In the practice of Zen (and bearing in mind that those who know don’t say and those who say don’t know) it is said that there is constant attention to carrying out the simplest task of living with perfection. Does this bring happiness? It doesn’t sound full of highs nor lows and most people believe that without the lows, we cannot have the highs of happiness. If this present crisis is doing anything positive for us, it is to give us the chance of reflecting on what makes us happy, either because we are deprived of it, thinks lovers separated by social isolation, or because we are with the source of our happiness – oh to be young and in love and in lockdown – would you ever leave your bed! And no, its not just the young who are happy to be locked down with the one they love…
In nine months time, there is likely to be a baby boom whilst it is from the post-war baby boom that many of the victims of Covid 19 are drawn.
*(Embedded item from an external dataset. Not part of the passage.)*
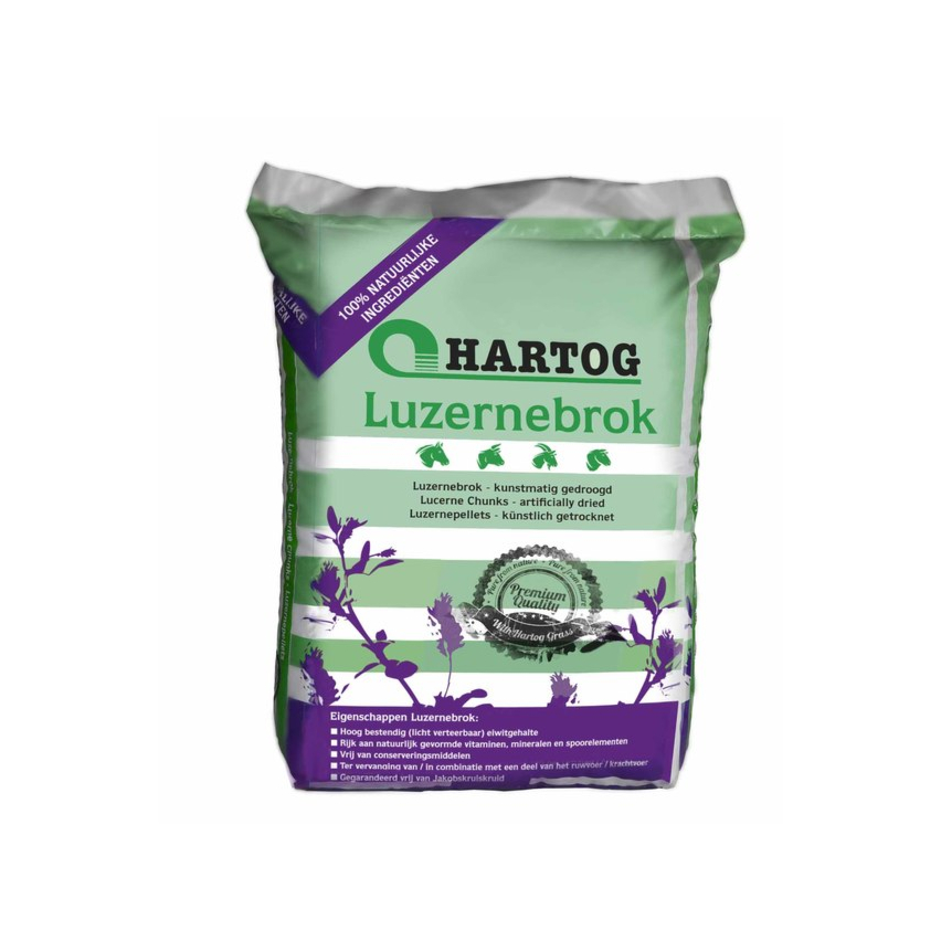 Hartog Luzernebrok on tehtud värskelt lõigatud ja kunstlikult kuivatatud lutsernist, mis on pressitud 6mm tekstuuriga graanuliteks.

Whilst this will undeniably reduce some of the future costs to health services for whom the preponderance of older patients, living longer with increasingly solvable but expensive conditions, it will give civil servants no happiness any more than the loss of migrants and the very poor who are also more susceptible to the disease will give no happiness except perhaps, to the vilest of right-wing politicians.
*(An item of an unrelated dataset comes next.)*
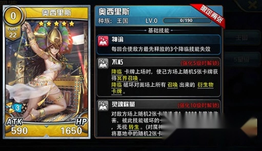 看不出来它强在哪里?那我来帮你梳理一下:目前唯一能让对方被动型和物理型技能失效的卡牌是蚀月骑士;唯一能让对方主动施放的技能失效的卡牌是易命之昭——这两张都是当前T0级别的魔族卡。而奥西里斯作为一张6合卡,却拥有和这些T0魔族卡同类型的技能,优势自然很明显。虽然它的技能有次数限制,但降临技能本身普遍强度高且难以反制,所以ban掉对方3个降临技能通常能带来不错的效果。

Meanwhile, we take our happiness in lockdown as we may…
Is Happiness an Instinct?
A friend of mine once told me how, during a search for a friend who it was thought, had drowned himself in a local lake, she went in a rowing boat with her lover, and after a time, they wordlessly pulled into the shore and made love. She described it as somehow instinctual, driven, and it puzzled her that in the midst of sorrow and dread, that this should have been their reaction. Many young women gave themselves to young men about to depart for the fighting during the Second World War (perhaps all wars) and if there was a moment of happiness for each of them, did it result in a happy event nine months later. (Imagine the psychologists trying to devise an experiment to test that hypothesis!) Happiness can be mixed with poignant sadness if the father never made it back or perhaps was not even known – so maybe the urge to procreate in the face of disaster is an instinct rather than the pursuit of momentary happiness. If we are driven by instinct, then where does happiness fit in? We human beings need to stay together for perhaps 21 years in order to raise a family, so the joys of sex are but rarely resultant in pregnancy but can form the glue that holds couples together – if they are lucky, and that is why it is not just the young, who may be enjoying the lockdown in their empty nests.
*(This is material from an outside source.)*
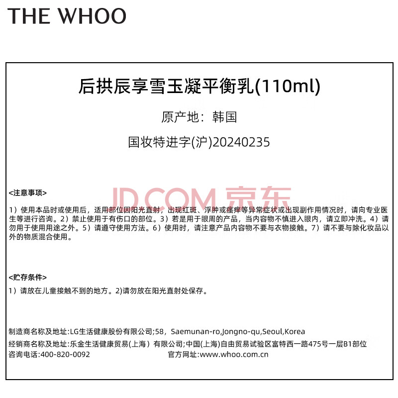 商品相册:后Whoo拱辰享雪玉凝平衡乳110ml焕白补水护肤品乳液女士生日礼物第

Do animals feel happiness?
It’s so hard not to be anthropocentric when looking at animals, to see the dog with its head on its master’s lap, to watch seagulls shooting the breeze or lambs leaping as they are in the fields here, and not imagine they feel happy – who knows. When I watch lambs playing, I simultaneously feel happy for the moment and sad because I know that very soon they will no longer be frisky but head down grazing for the rest of their lives with no great appearance of happiness ever again…
So there are my thoughts for the day – gather ye rosebuds in whatever ways you can at this sad/happy time. Listen to the bird-song without the roar of traffic, bask under skies not crisscrossed with con-trails, breath deep in the less polluted air, love the one(s) you’re with, practice Zen or whatever floats your boat (within the confines of the lockdown) and if you haven’t got a boat, your mind can imagine whatever you like and you can be happy with it…
What has made me happy? Last night I took my new telescope outside for the first time and looked at the moon, large and even though slightly hazy, pure magic and wonder!